Texto de António Costa, Director, hoje publicado no Diário Económico.
Vítor Gaspar sai do Governo como não se
esperava, especialmente de quem assumiu todo o protagonismo, e nunca o
recusou, zangado com a sua incapacidade para levar a efeito a reforma do
Estado, zangado com o primeiro-ministro por ausência de uma liderança
de suporte ao ajustamento, zangado com os seus colegas de Governo. E
assinou, como nunca o fez o melhor discurso de António José Seguro, a
certidão de óbito deste Governo. Só falta saber a data.
Ao contrário do que parece, a saída de Vítor Gaspar neste
momento, nestas circunstâncias, por estas razões, que o próprio
explicitou numa carta - uma peça de antologia para a história política e
económica do país - é um péssimo sinal. Vítor Gaspar é o responsável
directo pela recuperação da credibilidade do país junto dos mercados e
dos credores, os actuais, ou seja, a ‘troika', e os futuros. Tem esse
crédito, ninguém lho tira. Mas não percebeu o país que tinha, falo do
país económico, da estrutura empresarial, dos trabalhadores. Nem sequer a
sua dimensão política, desvalorizou-a a todos os outros objectivos,
externos. E, portanto, o que fez de melhor acabou por ser o principal
obstáculo à sua actuação como ministro das Finanças.
É, ainda assim,
uma saída que fragiliza o Governo. Porquê? Porque Vítor Gaspar
confessou a sua incapacidade para levar o acordo com a ‘troika' até ao
fim, até Junho de 2014. Assume-o de forma séria e honesta, porque já não
tinha a credibilidade e confiança de ninguém. Nem sequer da ‘troika',
como se percebeu nos últimos dias. O problema, a questão que fica, é
porquê? Por responsabilidades próprias e, sobretudo, por falta de apoio
político, do primeiro-ministro e do resto do Governo.
Quando são muitas as dúvidas sobre a capacidade do Governo de
levar a cabo a reforma do Estado, Vítor Gaspar deixa claro que não tem
dúvidas nenhumas.

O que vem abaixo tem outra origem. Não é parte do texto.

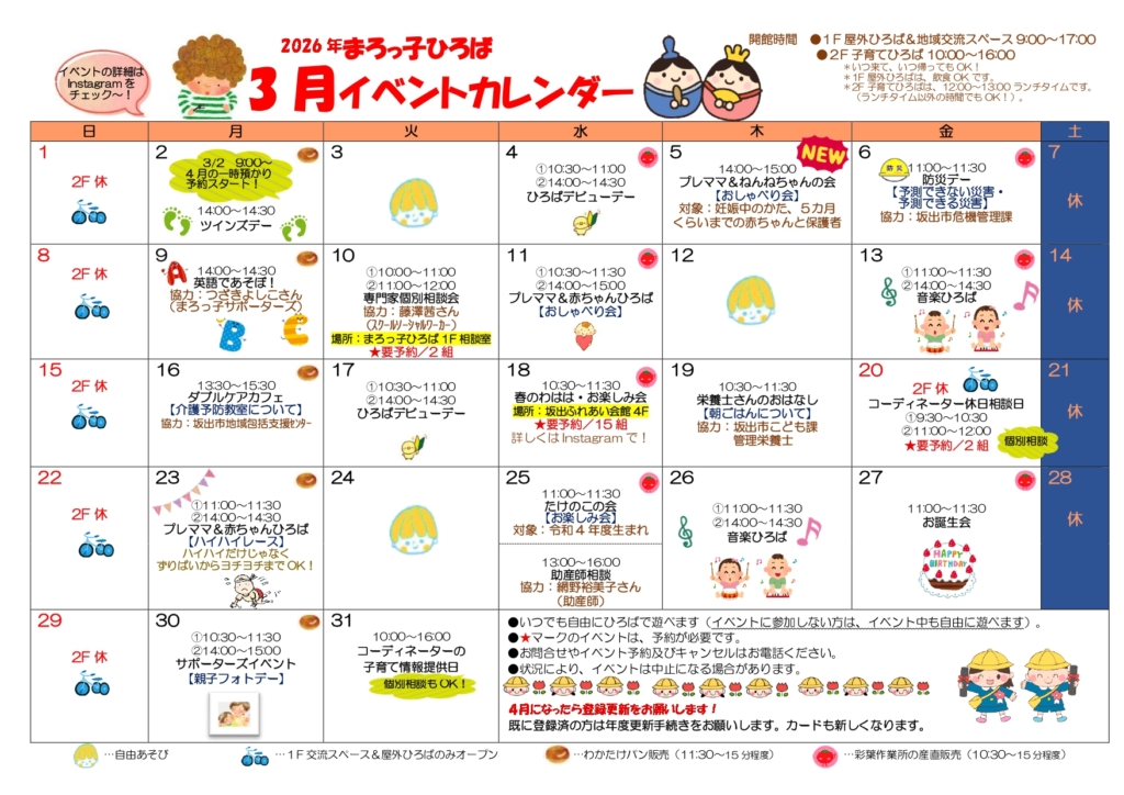 さぬきこどもの国、はぐはぐランドうたづ、神愛館、あそvivaぶんぶん、国分寺支所、国分寺図書館、新居東児童館、新名柏原児童館、国分児童館、イオン坂出店、イオンタウン宇多津、ハローズ林田店、ユープラザ宇多津、スーパーセンター宇多津、ビッグ国分寺など(順不同)

Não será mesmo para fazer, ou, então, muita coisa tem
de mudar. A certidão de óbito está passada, é mais grave do que qualquer
declaração de António José Seguro ou qualquer greve geral, e tem a
assinatura do mais insuspeito dos subscritores, o próprio Gaspar.

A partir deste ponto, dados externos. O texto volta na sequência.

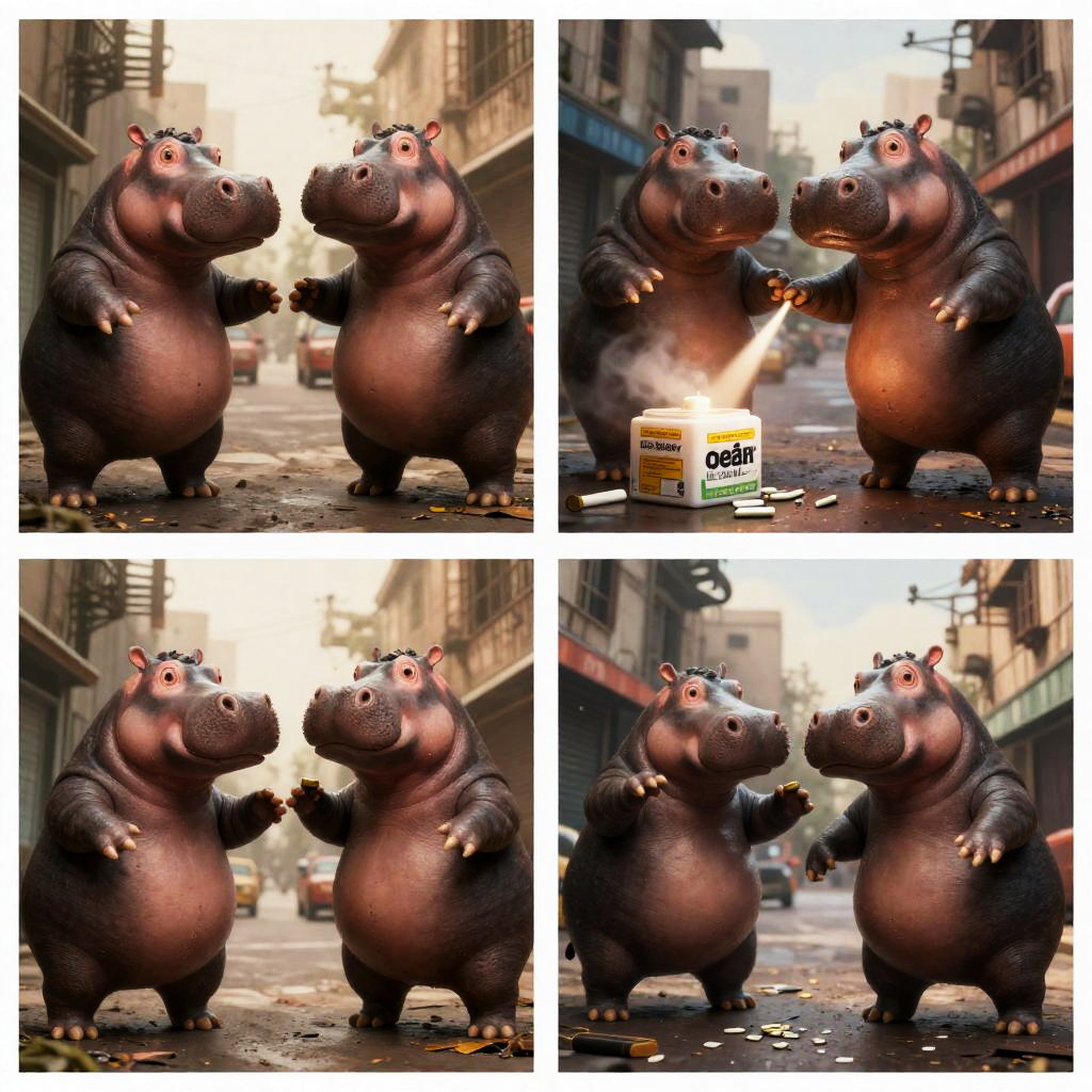 Realistic photo.Action Painting single panel comic telling a dramatic story about a feared hippo clan selling drugs and fighting in the streets, Cartoon, gangsta hypebeast faceless hippos, ghetto, lo-fi, album cover, ultra-detailed realistic photo

O que fica, então, para a nova, e surpreendente, ministra das
Finanças, agora, número três do Governo, depois de Paulo Portas? Maria
Luís Albuquerque não vai mudar de política, vai tentar fazer, de facto, o
que Vítor Gaspar não conseguiu. Sem o mesmo peso político, mas com um
perfil de executiva, dura e rigorosa, apesar dos ‘swap', que, agora, se
tiverem algum desenlace, arrastarão todo o Governo.
Pedro Passos Coelho centraliza o poder em torno de três pessoas
que são da sua total confiança política: Carlos Moedas, Poiares Maduro e
Maria Luís Albuquerque. A ministra das Finanças tem pulso firme,
conhece os dossiês e é conhecida da ‘troika', com quem o Governo tem
ainda de negociar o fim deste acordo e o novo programa cautelar. O
primeiro-ministro não tinha outra solução, nem melhor. Mas se é a
solução possível, o sucesso do seu trabalho está longe de estar
garantido. Como escreve Vítor Gaspar, que se despede com "amizade,
lealdade e admiração".
O primeiro teste, de Maria Luís Albuquerque e do próprio Governo,
vai ser o Orçamento do Estado para 2014. Vai ser mais relevante para o
futuro político deste Governo, e do país, do que o resultado das
autárquicas.
PS: A demissão de Vítor Gaspar do Governo coincide com o regresso de
Teixeira dos Santos à vida política. Poderia ser mais irónico?